06. September (Sun) 2009 ロバート・マッキー氏からのメール このエントリーを含むブックマーク このエントリーのブックマークコメント

 いま、彼の大著『ストーリー』を翻訳している。とにかく大変だ。なにが大変、って、この人、講演のまんまに書くから、構文が文章語ではなく会話調で、俗語表現もいっぱい出てくる。そして、なにより、実際の数多くの作品に対する知識の広さと考察の深さが半端ではない。すでにこの十倍以上のメモがたまっている、というので、第二版を待っていたのだが、いつになるかわからない、とのこと。それで、第一版のままでも、十分に評価が高いから、これでいこう、という話になった。

 ロンドンから戻ったとかで、御本人からメールをいただいた。すでに十九カ国で翻訳されており、日本語版をずっと待ち望んでいる、と言う。で、もうちょっと時間をください、と、返事を書いた。そうしたら、さらに長い返事が来たので、日本では、広告代理店主導の会議で話しが決まるので、映画のストーリーの市場も、若手脚本家市場もないから、期待しすぎないでほしい、という事情を説明した。

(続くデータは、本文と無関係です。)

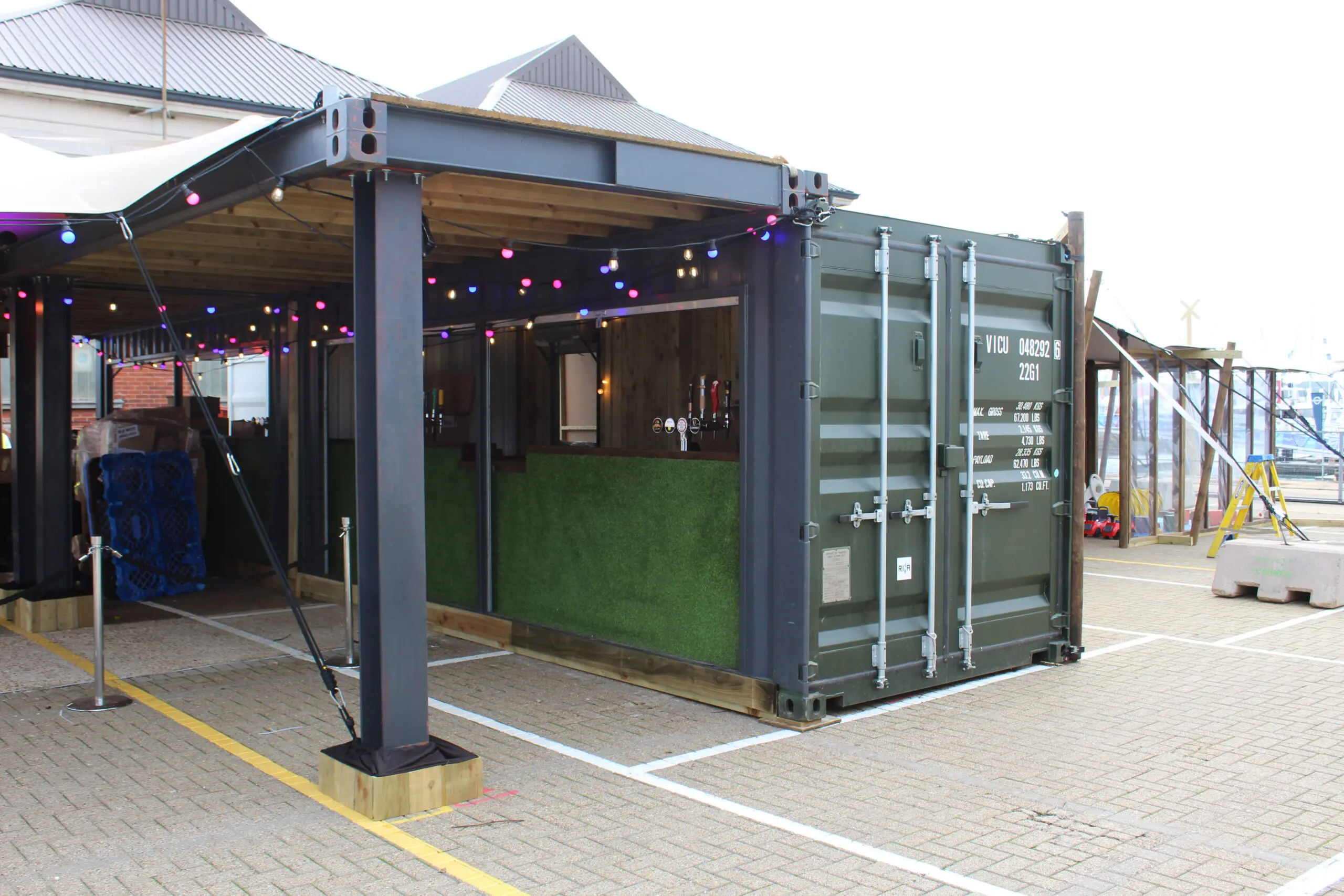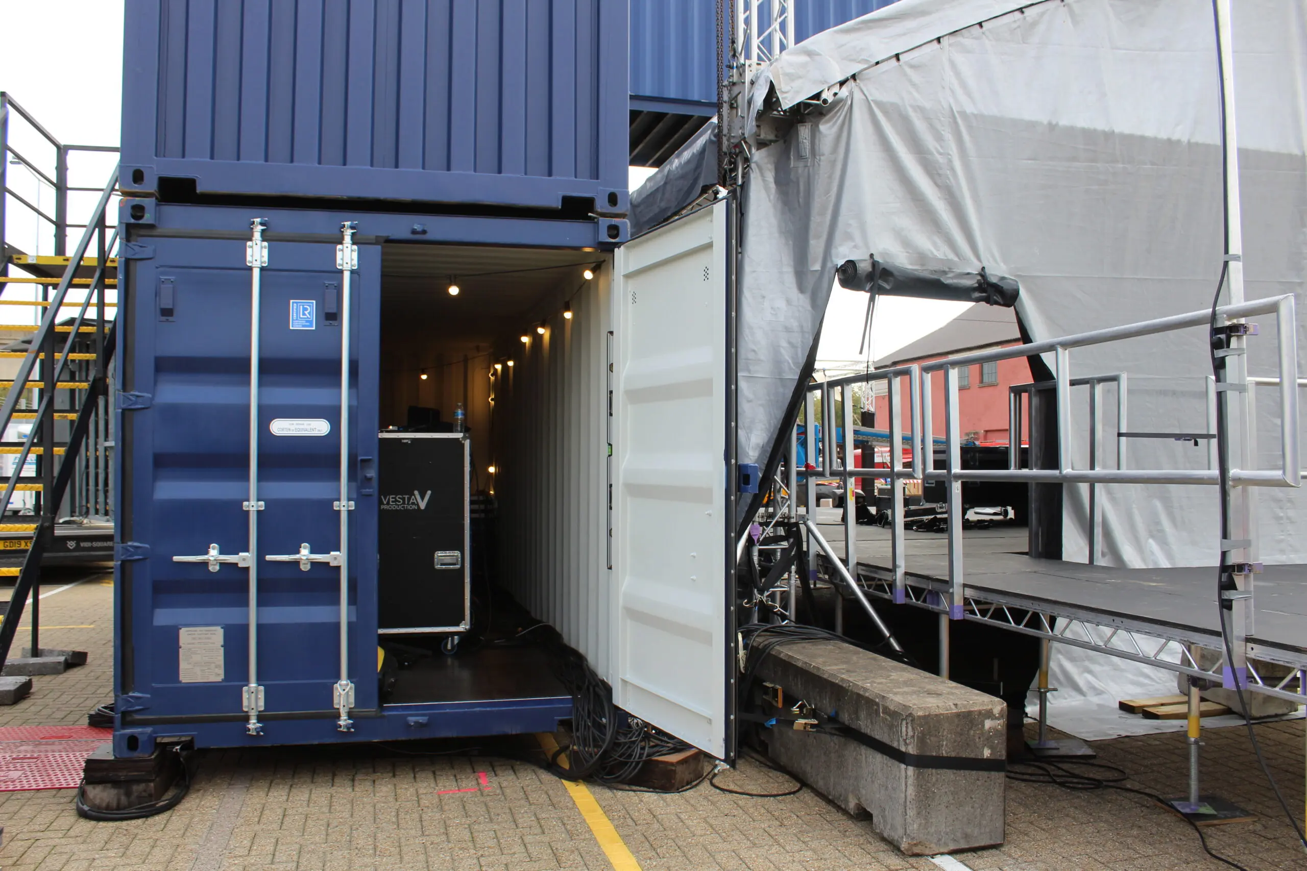 At the heart of the action, the Shipyard stage stands out as one of the most impressive sights. Surrounded by our stacked containers, the landmark creates the authentic feel of a working dockyard. The 40ft container archway provides a dramatic backdrop for live performances from DJ Scott Mills and a crowd-pleasing Queen tribute act, Flash. The towering containers framed the entertainment area perfectly, capturing the maritime spirit while serving as functional offices and stores for the event team.

 というのも、以前、別の著者の本で、こんなことがあったからだ。ほとんど仕上がった翻訳で、あとは契約を整えるだけ、という段階になって、その著者が、その本をプロモーションするために、スター並みにファーストクラス日本に招け、高級ホテルで全国旅行をさせろ、それが条件だ、と言い出した。冗談か、と思って、再度、問い合わせてもらったが、本気らしい。バカ言え、ということで、出版社とともに一笑に付して、沙汰やみにした。たしかに、おバカなノリのハリウッド本でおもしろかったのだが、こんなほんとうのバカだとは思わなかった。

 ロバートマッキーの場合は、むしろ逆だ。現実世界で講演して歩いている。日本にも招かれて当然の人だ。ところが、日本では、ビジネス本で、名前がちょこっと出ているだけ。映画の『アダプテーション』で初めて知った、という人がわずかにいるくらい。これって、あまりに世界の基準から外れている。

 しかし、たしかに日本には、脚本勉強する、という余地がない。大御所が若手を「弟子」に抱えているが、それこそハックライターとしてネタを取られてしまうだけ。自民党じゃないが、こんな古くさい映画テレビドラマの作り方は、そろそろ終わりにしないといけない。だいいち、つまんないじゃないか。たとえば、『アマルフィ:女神の報酬』なんて、脚本家の名前も出てきやしない。肝心のタイトルからして、才能のない連中が『007:慰めの報酬』からパクったのが見え見えだ。だいいちアマルフィなんか、ろくに出てこないじゃないか。そのうえ、アマルフィにもローマにも、もともと女神なんかいないぞ。どんなに興行収入がいいとしても、こんな話題先行主義は、まともな作品の作り方、売り方じゃない。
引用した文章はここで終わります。